- About this task -
Each line of the data below between the one containing "Vojaški taktični nahrbtnik" and the one containing "DMIR SD9 No.", both included, is to be repeated exactly. Please omit pictures.

[Extracted data entries]
---

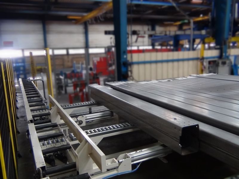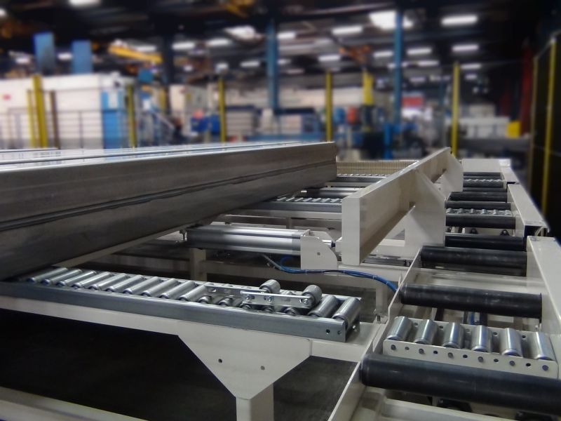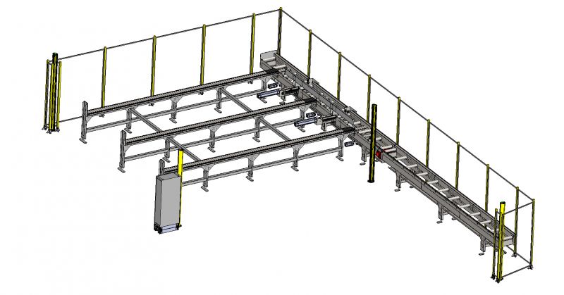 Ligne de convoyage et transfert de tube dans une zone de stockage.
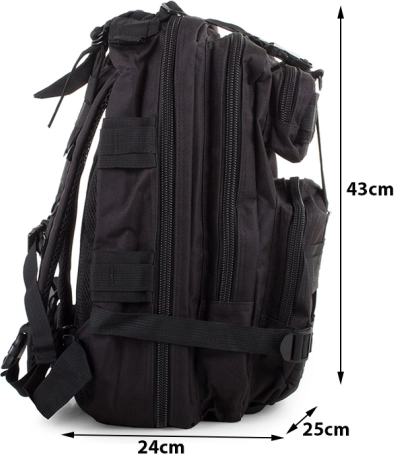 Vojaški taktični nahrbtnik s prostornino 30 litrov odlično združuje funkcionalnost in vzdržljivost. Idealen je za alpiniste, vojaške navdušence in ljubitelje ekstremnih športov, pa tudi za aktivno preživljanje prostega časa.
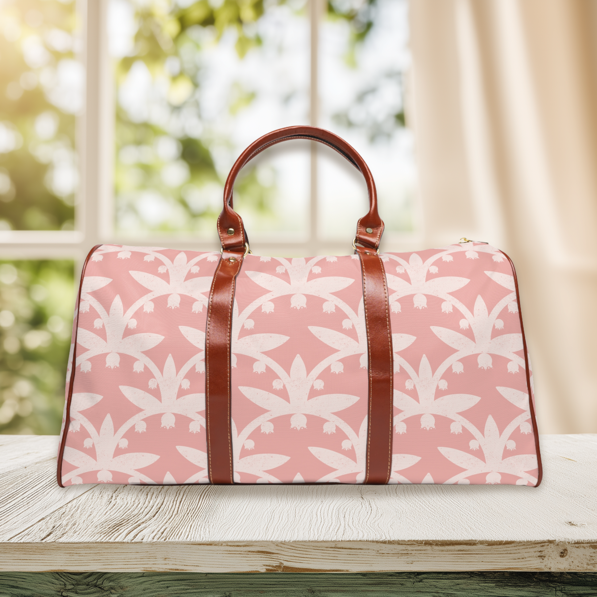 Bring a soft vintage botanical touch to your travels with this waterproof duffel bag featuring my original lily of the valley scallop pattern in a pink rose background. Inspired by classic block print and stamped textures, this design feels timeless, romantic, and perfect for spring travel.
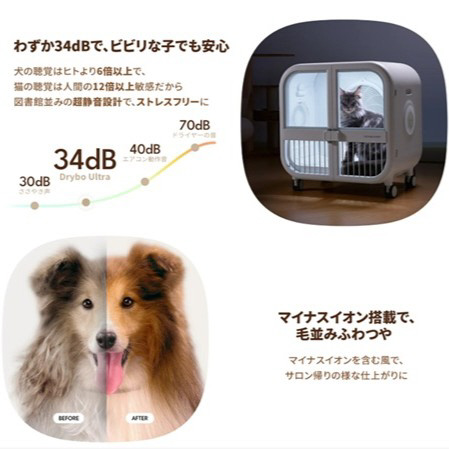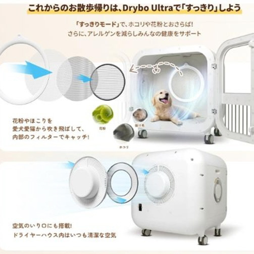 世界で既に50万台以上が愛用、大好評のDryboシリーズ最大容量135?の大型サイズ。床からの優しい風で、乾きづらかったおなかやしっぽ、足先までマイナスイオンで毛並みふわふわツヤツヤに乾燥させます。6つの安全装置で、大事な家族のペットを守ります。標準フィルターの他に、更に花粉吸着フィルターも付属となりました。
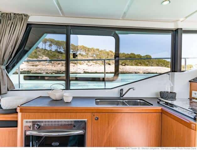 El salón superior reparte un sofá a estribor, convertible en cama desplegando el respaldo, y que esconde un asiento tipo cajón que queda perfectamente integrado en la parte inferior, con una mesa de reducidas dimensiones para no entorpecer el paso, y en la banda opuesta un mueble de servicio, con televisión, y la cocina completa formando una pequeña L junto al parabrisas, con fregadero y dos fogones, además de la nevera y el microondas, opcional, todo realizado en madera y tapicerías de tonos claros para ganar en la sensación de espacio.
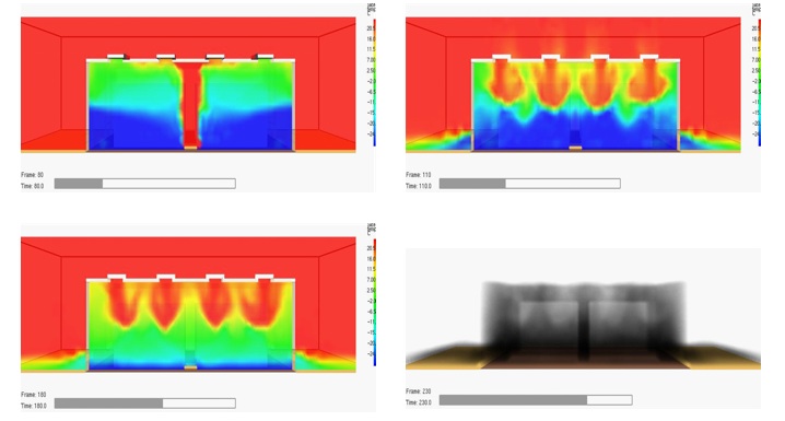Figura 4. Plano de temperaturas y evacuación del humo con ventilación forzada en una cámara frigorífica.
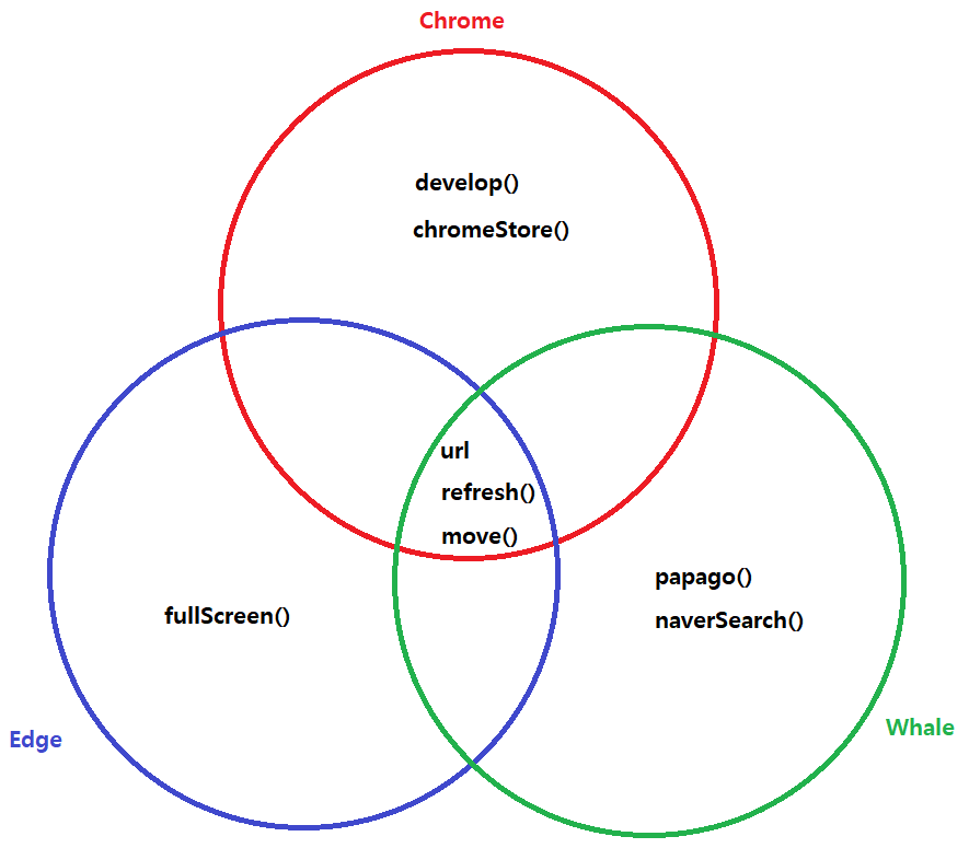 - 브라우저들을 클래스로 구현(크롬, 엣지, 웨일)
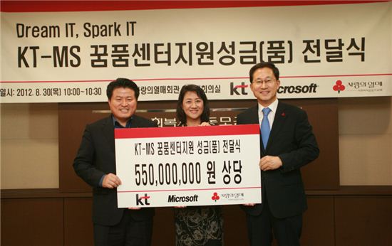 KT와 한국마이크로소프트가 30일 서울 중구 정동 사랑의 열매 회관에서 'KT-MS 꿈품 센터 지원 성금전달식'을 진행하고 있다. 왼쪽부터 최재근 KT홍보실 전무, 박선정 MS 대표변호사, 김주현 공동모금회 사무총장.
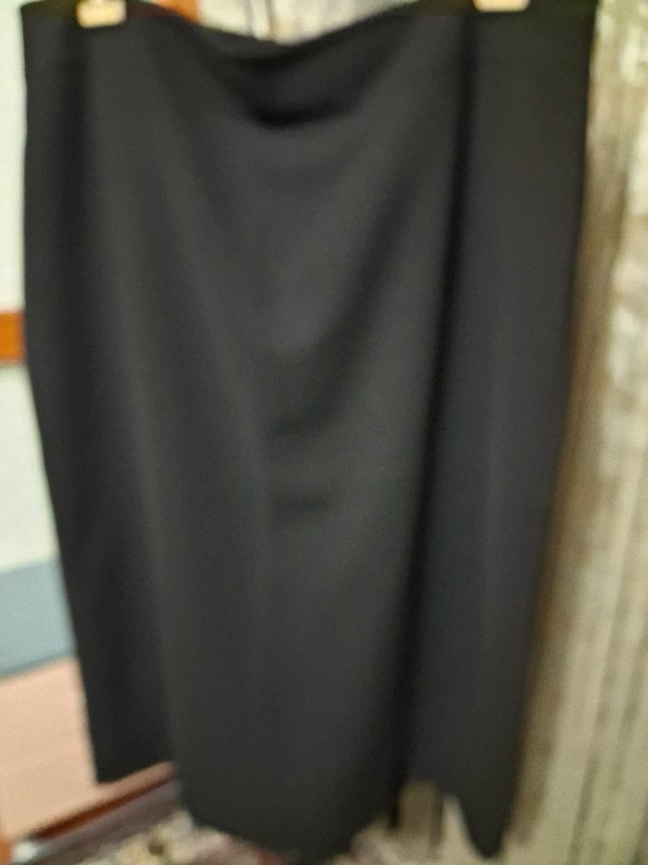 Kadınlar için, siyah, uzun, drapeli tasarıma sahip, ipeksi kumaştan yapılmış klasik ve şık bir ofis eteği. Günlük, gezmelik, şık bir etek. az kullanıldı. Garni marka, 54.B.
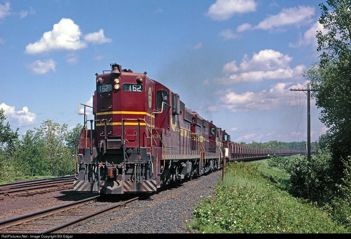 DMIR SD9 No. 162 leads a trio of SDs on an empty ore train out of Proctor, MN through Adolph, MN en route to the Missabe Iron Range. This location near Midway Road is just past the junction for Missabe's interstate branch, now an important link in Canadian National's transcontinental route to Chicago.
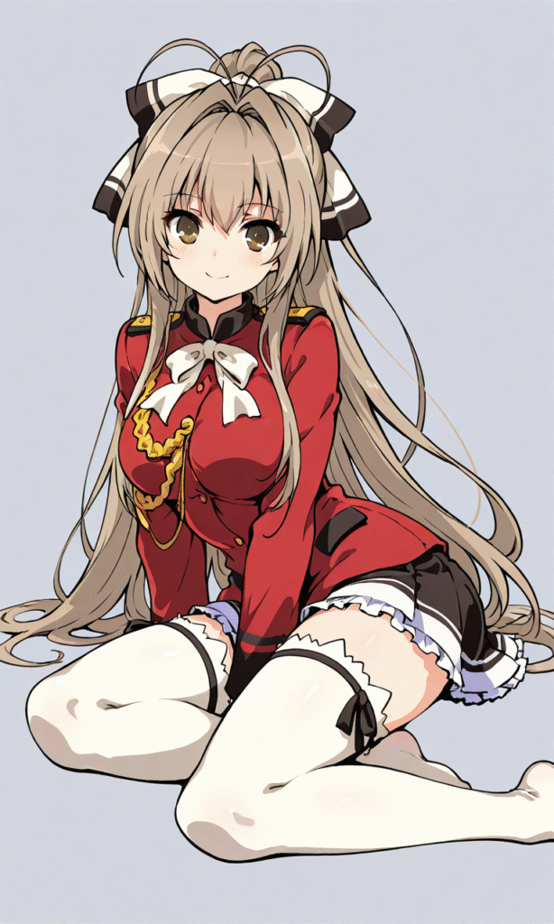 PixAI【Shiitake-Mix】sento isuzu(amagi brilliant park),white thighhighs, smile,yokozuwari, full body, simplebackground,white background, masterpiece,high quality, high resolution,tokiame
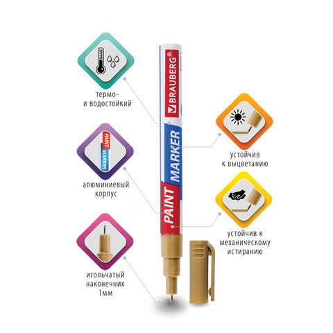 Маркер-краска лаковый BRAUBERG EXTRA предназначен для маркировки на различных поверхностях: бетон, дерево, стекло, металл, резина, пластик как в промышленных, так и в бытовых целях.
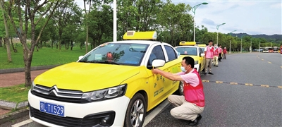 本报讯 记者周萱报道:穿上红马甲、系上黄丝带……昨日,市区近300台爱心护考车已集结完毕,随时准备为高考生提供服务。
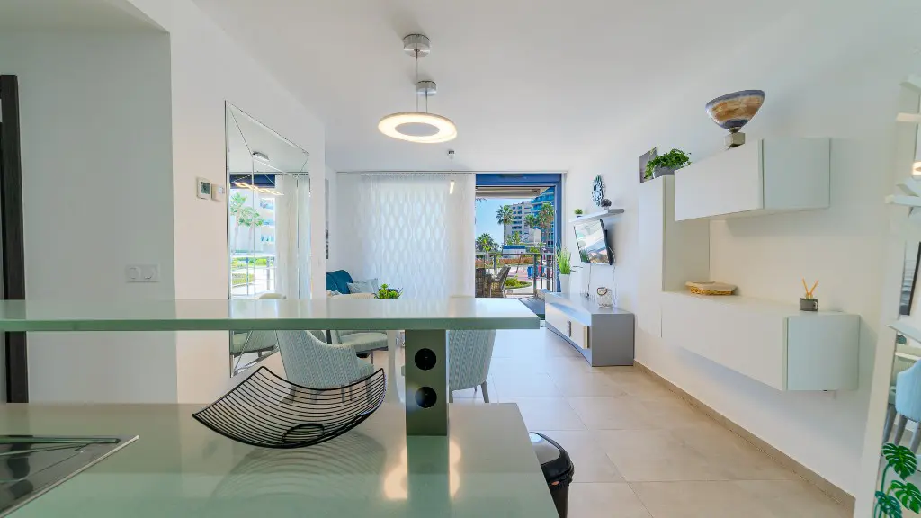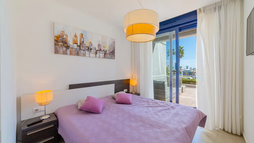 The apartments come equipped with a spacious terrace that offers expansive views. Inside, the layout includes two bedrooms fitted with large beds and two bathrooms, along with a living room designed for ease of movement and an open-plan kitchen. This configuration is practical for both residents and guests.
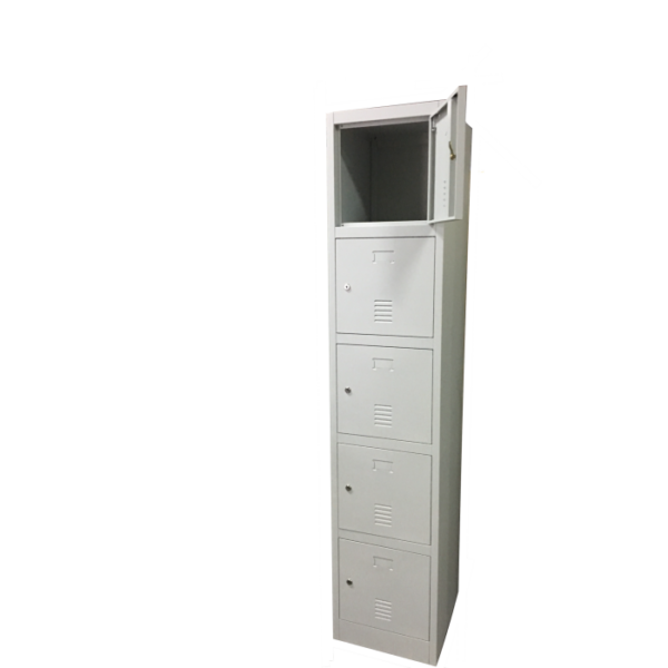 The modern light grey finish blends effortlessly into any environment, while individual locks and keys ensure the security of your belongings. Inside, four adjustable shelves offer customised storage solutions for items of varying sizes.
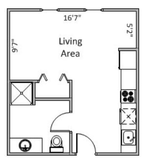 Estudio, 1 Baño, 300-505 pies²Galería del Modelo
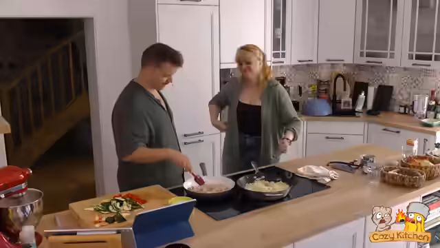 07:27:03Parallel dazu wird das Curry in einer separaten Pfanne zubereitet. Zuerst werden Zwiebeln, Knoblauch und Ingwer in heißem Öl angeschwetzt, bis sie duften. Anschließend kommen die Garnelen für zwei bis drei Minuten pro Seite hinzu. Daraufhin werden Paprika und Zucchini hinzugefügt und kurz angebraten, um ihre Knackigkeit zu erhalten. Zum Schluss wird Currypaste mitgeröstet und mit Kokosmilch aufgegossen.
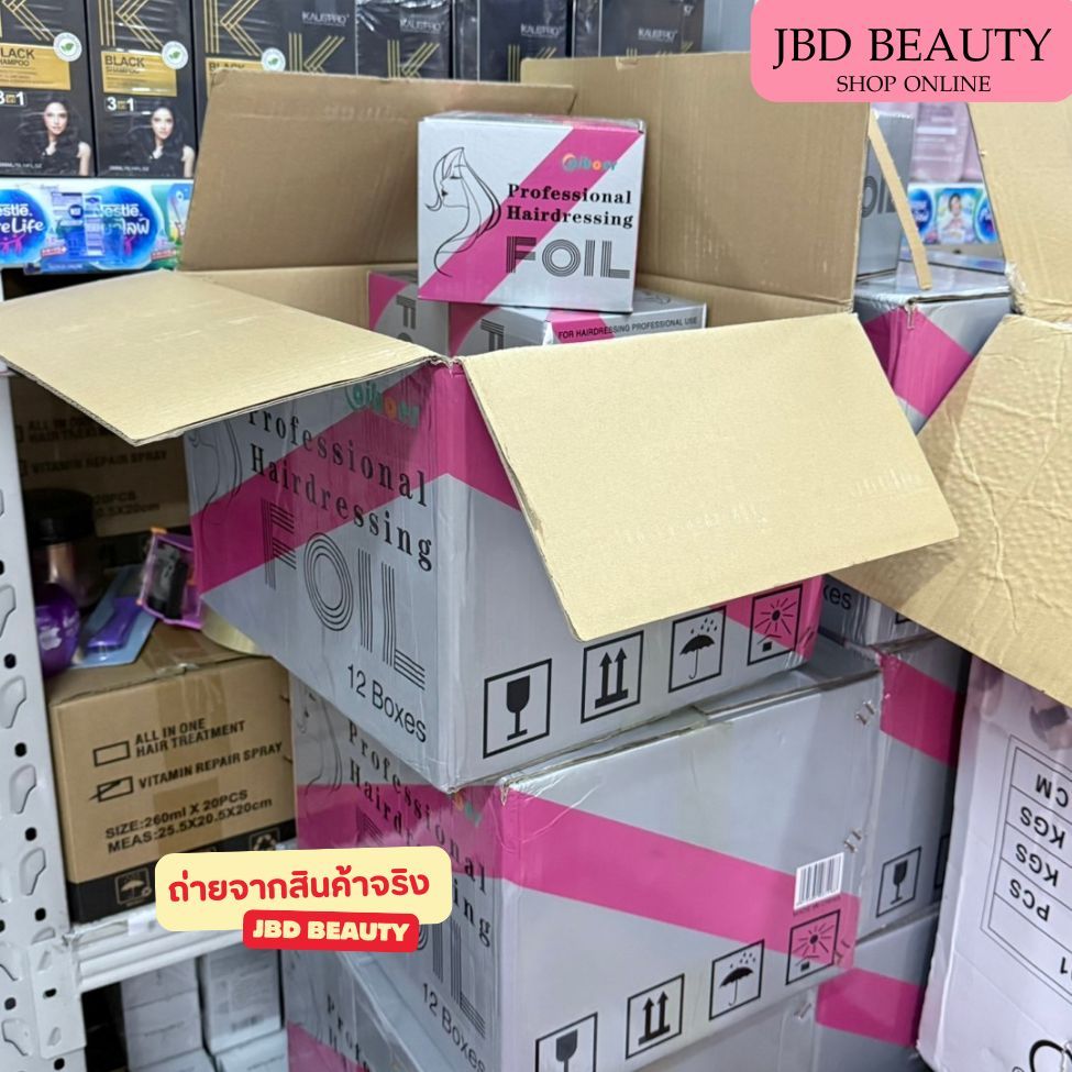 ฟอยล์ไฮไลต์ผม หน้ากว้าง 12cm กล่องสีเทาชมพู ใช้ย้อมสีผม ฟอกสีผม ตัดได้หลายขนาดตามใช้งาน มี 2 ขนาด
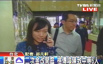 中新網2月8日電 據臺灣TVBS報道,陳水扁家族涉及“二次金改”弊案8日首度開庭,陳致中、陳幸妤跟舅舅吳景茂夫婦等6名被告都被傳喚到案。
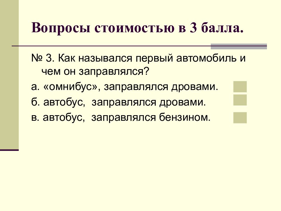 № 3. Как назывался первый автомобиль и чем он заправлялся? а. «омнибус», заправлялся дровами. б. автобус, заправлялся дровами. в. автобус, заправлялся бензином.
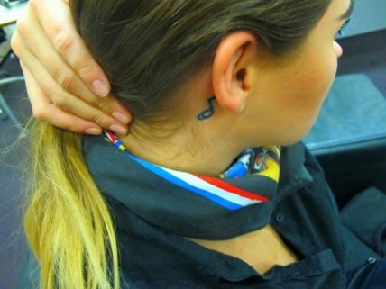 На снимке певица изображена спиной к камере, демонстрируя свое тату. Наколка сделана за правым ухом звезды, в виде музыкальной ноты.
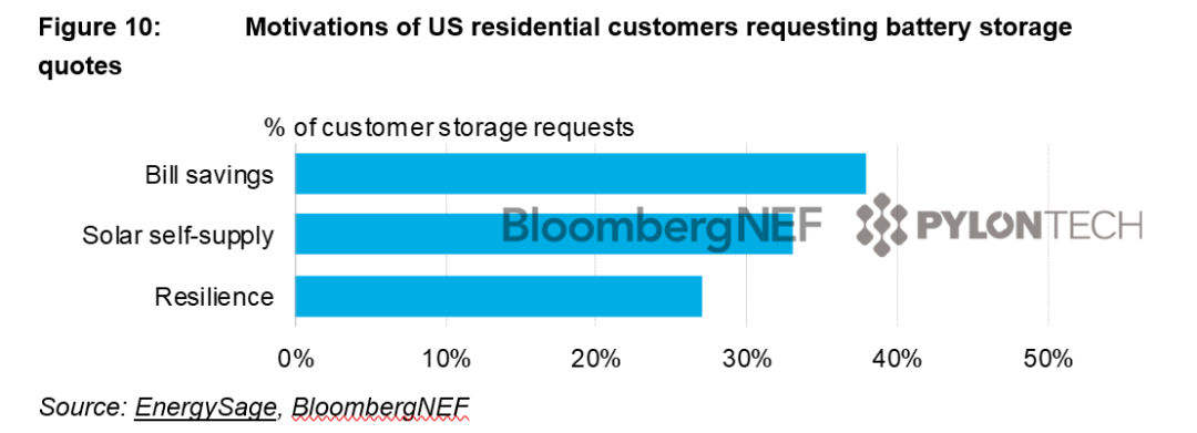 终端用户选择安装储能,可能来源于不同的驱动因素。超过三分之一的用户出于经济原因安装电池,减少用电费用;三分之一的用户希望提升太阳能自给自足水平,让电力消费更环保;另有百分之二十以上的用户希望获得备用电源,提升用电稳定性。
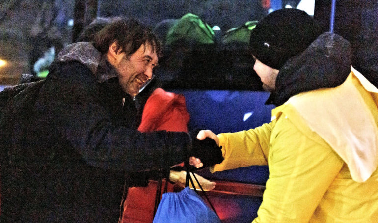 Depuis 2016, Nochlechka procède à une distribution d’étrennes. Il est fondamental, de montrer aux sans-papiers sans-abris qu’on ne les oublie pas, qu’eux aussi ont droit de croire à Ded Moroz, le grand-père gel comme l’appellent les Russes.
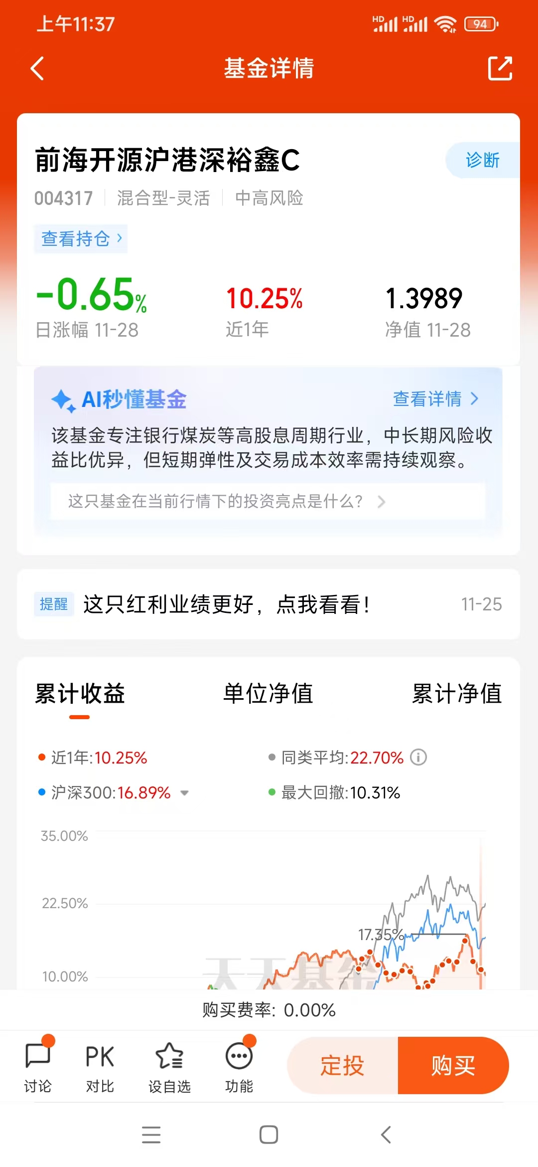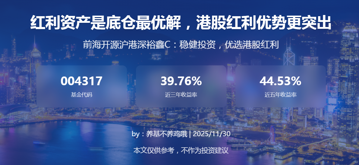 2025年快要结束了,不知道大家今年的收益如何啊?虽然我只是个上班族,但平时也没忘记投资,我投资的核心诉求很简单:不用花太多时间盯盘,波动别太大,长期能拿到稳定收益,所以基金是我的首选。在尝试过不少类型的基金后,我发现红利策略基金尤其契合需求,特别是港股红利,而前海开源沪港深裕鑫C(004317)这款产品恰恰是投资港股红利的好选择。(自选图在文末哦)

---

- Task result -
 Vojaški taktični nahrbtnik s prostornino 30 litrov odlično združuje funkcionalnost in vzdržljivost. Idealen je za alpiniste, vojaške navdušence in ljubitelje ekstremnih športov, pa tudi za aktivno preživljanje prostega časa.
 Bring a soft vintage botanical touch to your travels with this waterproof duffel bag featuring my original lily of the valley scallop pattern in a pink rose background. Inspired by classic block print and stamped textures, this design feels timeless, romantic, and perfect for spring travel.
 世界で既に50万台以上が愛用、大好評のDryboシリーズ最大容量135?の大型サイズ。床からの優しい風で、乾きづらかったおなかやしっぽ、足先までマイナスイオンで毛並みふわふわツヤツヤに乾燥させます。6つの安全装置で、大事な家族のペットを守ります。標準フィルターの他に、更に花粉吸着フィルターも付属となりました。
 El salón superior reparte un sofá a estribor, convertible en cama desplegando el respaldo, y que esconde un asiento tipo cajón que queda perfectamente integrado en la parte inferior, con una mesa de reducidas dimensiones para no entorpecer el paso, y en la banda opuesta un mueble de servicio, con televisión, y la cocina completa formando una pequeña L junto al parabrisas, con fregadero y dos fogones, además de la nevera y el microondas, opcional, todo realizado en madera y tapicerías de tonos claros para ganar en la sensación de espacio.
Figura 4. Plano de temperaturas y evacuación del humo con ventilación forzada en una cámara frigorífica.
 - 브라우저들을 클래스로 구현(크롬, 엣지, 웨일)
 KT와 한국마이크로소프트가 30일 서울 중구 정동 사랑의 열매 회관에서 'KT-MS 꿈품 센터 지원 성금전달식'을 진행하고 있다. 왼쪽부터 최재근 KT홍보실 전무, 박선정 MS 대표변호사, 김주현 공동모금회 사무총장.
 Kadınlar için, siyah, uzun, drapeli tasarıma sahip, ipeksi kumaştan yapılmış klasik ve şık bir ofis eteği. Günlük, gezmelik, şık bir etek. az kullanıldı. Garni marka, 54.B.
 DMIR SD9 No. 162 leads a trio of SDs on an empty ore train out of Proctor, MN through Adolph, MN en route to the Missabe Iron Range. This location near Midway Road is just past the junction for Missabe's interstate branch, now an important link in Canadian National's transcontinental route to Chicago.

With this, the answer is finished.